NORFOLK, NE -
Tornadoes, intense rain and hail, from Sioux City to Kansas City, we saw it all this weekend.
Saturday's storm didn't just damage homes up and down the Midwest, parts of Norfolk, Nebraska's hospital had to be evacuated.
Saturday's storm flooded the emergency department at the Faith Regional Health Services hospital in Norfolk, and even though cleanup's moving along quickly right now, it'll definitely be a storm no one at that hospital will ever forget.
In the emergency department at the Faith Regional Health Services Hospital in Norfolk, you'll hear dozens of fans.
In fact, on Monday it was hard to hear anything else, as those fans dried the floors and walls and crews cleaned up after Saturday's storm.
"It really got dark fast and when it started coming down the rain was just incredible, and then I've never seen hail float, like little icebergs," said Tim Auwarter, Vice President of Support and Ancillary Services for the hospital, speaking of Saturday's storm.
With nickel sized hail three inches deep and more than three inches of rain, it's no wonder the hospital's emergency department flooded.
A door in the hallway of the department was ground zero.
Employees noticed water was seeping in from underneath the door, and from above it.
Pretty soon the pressure was just too much and the door was blown off its hinges about 10 to 20 feet down a hallway.

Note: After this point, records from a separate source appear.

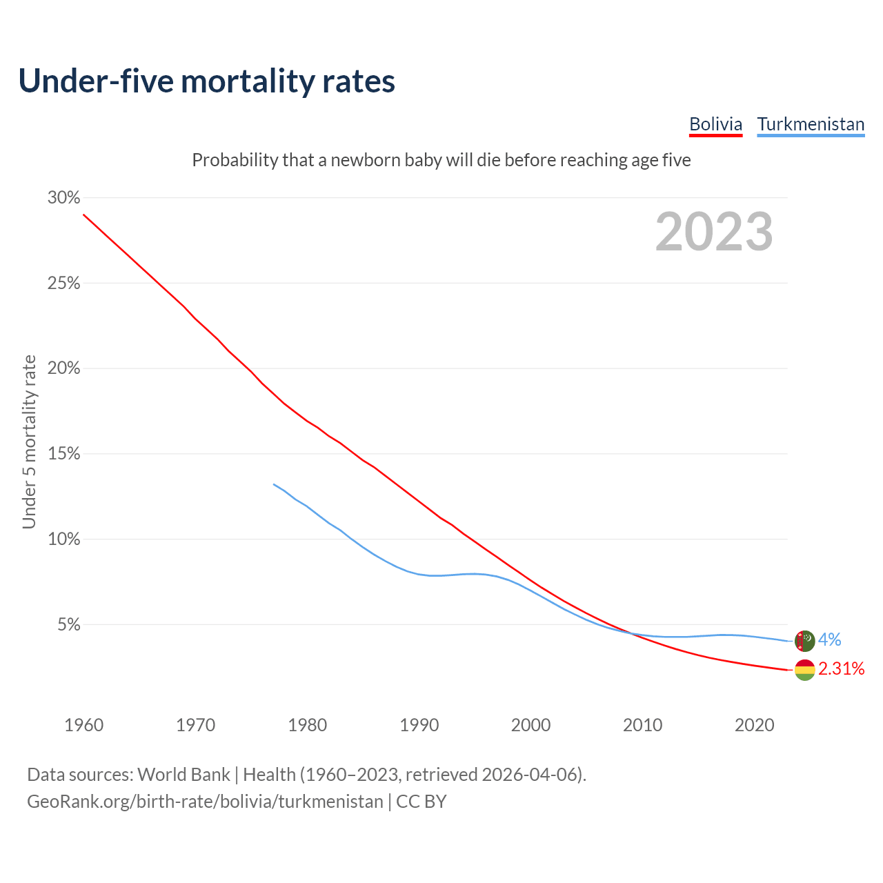 The chance that a newborn baby will die before reaching age five is 2.31% in Bolivia and 4% in Turkmenistan. Above is a chart with historical data on under-five mortality rates.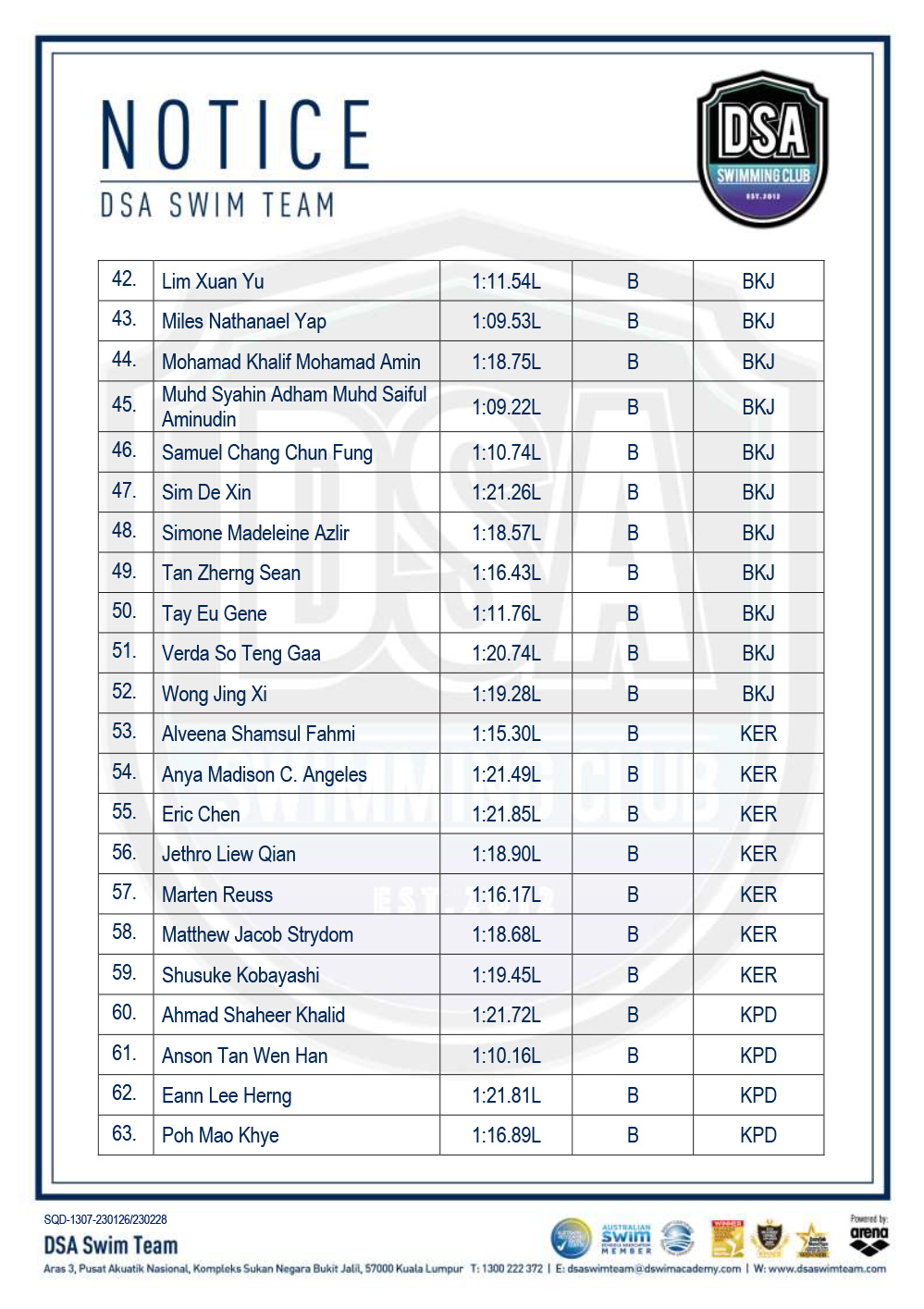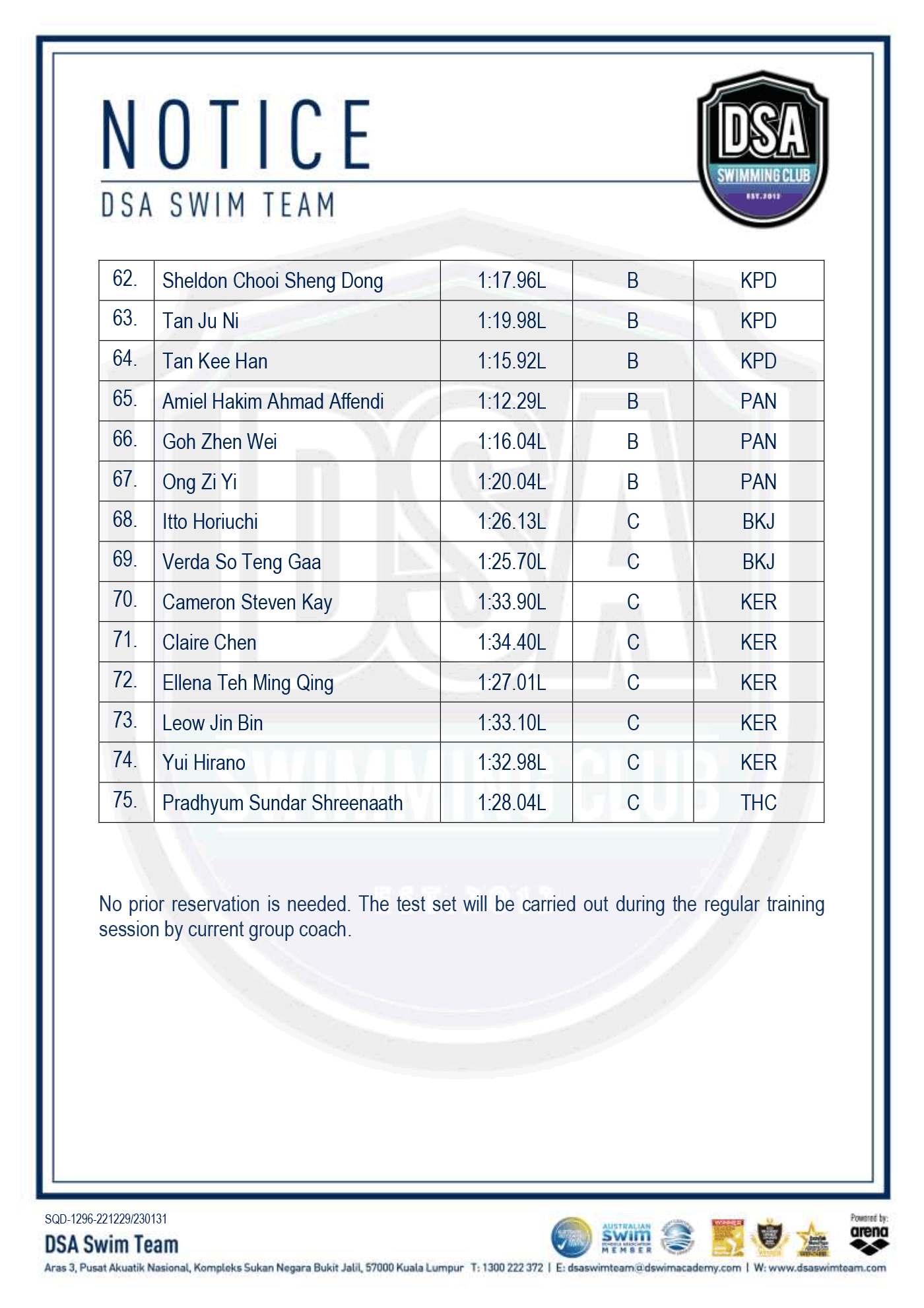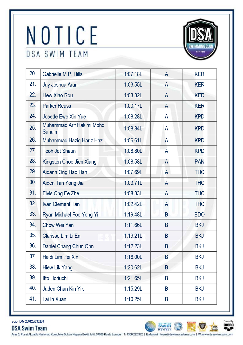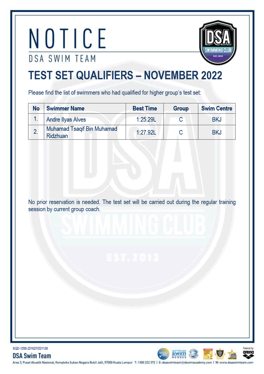Test Set Qualifiers – March 2023 Promotion of Training Group – February 2023 Test Set Qualifiers – February 2023 Promotion of Training Groups – January 2023 Test Set Qualifiers – January 2023 Promotion of Training Groups – December 2022 Promotion of Training Groups – November 2022 Test Set Qualifiers – November 2022 Promotion of Training Groups – October 2022 Post navigation ← Older posts Newer posts → SWIM MEETS & EVENTS 20262021-2025 20252024202320222021 Back 2016-2020 20202019201820172016 Back 2013-2015 201520142013 Back Back UPDATES NOTICE-BOARDTEAM NEWS NEWS ARCHIVES Back GALLERY 20262021-2025 20252024202320222021 Back 2016-2020 20202019201820172016 Back 2013-2015 201520142013 Back Back Back HANDBOOK/APPLICATION SQUAD HANDBOOKDEFERMENT FORMPRIVATE STROKE CORRECTION FORMSWIM CENTRE SWITCH FORM Back ABOUT DSA DSA SWIM TEAM PATHWAYTRAINING CALENDARDSA SPORTSCARENEED-BASED SCHOLARSHIPSCONTACT Back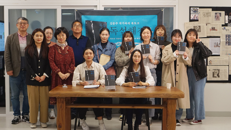 작가의 향후 활동 계획에 대한 이야기를 마지막으로 북토크가 끝났습니다. 1900년대를 배경으로 한 소설을 준비하고 있다는 반가운 소식을 들을 수 있었는데요, 더불어 작가가 잘 내세우지 않았던 악인을 작품에서 그려보고 싶다는 바람을 슬쩍 내비치기도 했습니다. (김문주 작가가 그리는 악인이라니, 정말 기대가 됐습니다!) 『독섬해전』을 쓰는 동안 이사부와 사랑에 빠졌었다고 말하며 작가는 『독섬해전』 독자 여러분도 책을 통해 그와 같은 감정을 느끼기를 바란다고 마지막 인사를 전했습니다.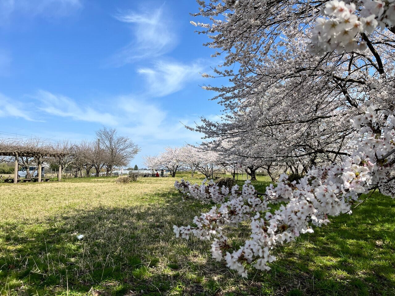 桜並木の下を散歩するも良し、芝生の上でゆったりお花見をするのも良しです。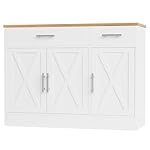 Large Storage Space Cabinet: The buffet cabinet incorporates both open and closed storage space to meet your different needs. Spacious tabletop can place items for easy access, three handy drawers help classify knives and forks neatly, while two bottom cabinets each with internal shelf offer smart space to accommodate mugs, extra dishware, and other essentials.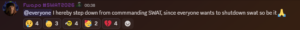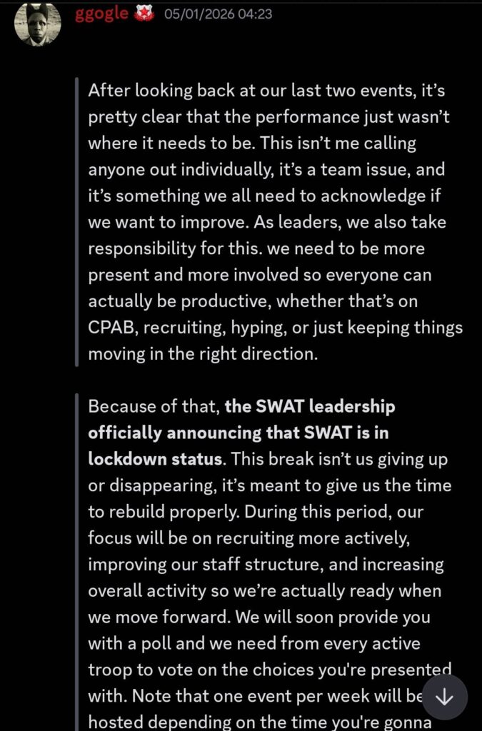 However, this did not last long. Leaders attributed this decline to a noticeable lack of staff participation, weak recruiting efforts, and an overall drop in internal activity and morale. As a result, events became inconsistent, leadership and engagement among members faded, making it difficult for the army to function. Leaders initially allied to strengthen both sides, but it instead created confusion about the command structure and overall goals. Without a clear plan or active leadership to stabilise the situation, SWAT struggled to maintain its identity and momentum within the community.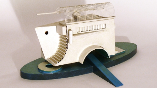 Wasa Marjanov, der 1947 in Pancevo in Jugoslawien geboren wurde und 1963 nach Deutschland übergesiedelt ist, hat an der Kunstakademie Düsseldorf das Studium Integration und Bildende Kunst abgeschlossen – das Reflektieren des Öffentlichen Raumes und die Auseinandersetzung mit Architektur waren da schon angelegt. Bekannt wurde er Mitte der 1980er Jahre im Umfeld der sogenannten „Modellbauer“ mit Schütte, Mucha und Klingelhöller. Eine Zeitlang waren diese Künstler führend im Kunstgeschehen, wobei Marjanov aber eine Position am Rande einnahm: Ein bisschen mehr als die anderen Künstler interessierte ihn doch der Bezug zu „realer“ Architektur, indes verließ er schon da als einziger den kleinen Maßstab nicht. Konsequenterweise wurde seine Kunst später der dekonstruktivistischen Architektur zugerechnet. So nahm er im Jahr 2000 gemeinsam mit Architekten wie Coop Himmelblau und Zaha Hadid an der Ausstellung „Metaformen“ in der Kunsthalle Düsseldorf teil. Aber die Objekte von Marjanov unterlaufen jeden Anspruch auf Realisation; auf der baulichen Seite fordern sie gerade nichts heraus. Vielmehr: „Ihre besonderen Qualitäten bestehen gerade darin, den Realitätssinn zu überfordern, jede verengende Definition ins Weite zu entlassen, damit aber eine Wahrnehmung zu ermöglichen, die das Gesehene nicht für wahr nimmt, sondern als Denkmodelle zwischen realen und geistigen Orten erfährt“, wie Bernd Finkeldey vor einigen Jahren geschrieben hat (Kat. Budapest, Belgrad, Sofia 2003).

"That left about four or five feet of water and a tsunami like effect, a mudslide it all came into our emergency department and flooded the entire department," said Auwarter.
The emergency wing looked more like a frozen ocean than anything else, but the main concern: moving the patients.
"We had some logistics with the flood coming in and ice coming in, our primary responsibility was patient safety," said Kelly Driscoll, Vice President of Patient Services for the hospital.
That move was finished within minutes.
Crews turned parts of the hospital's intensive care unit and a waiting room into a temporary emergency room.
The good news is cleanup shouldn't last very long.
The emergency department should be back up and running in the next two to three days.
The bad news: there's no word yet on how much the damage and that clean up will cost.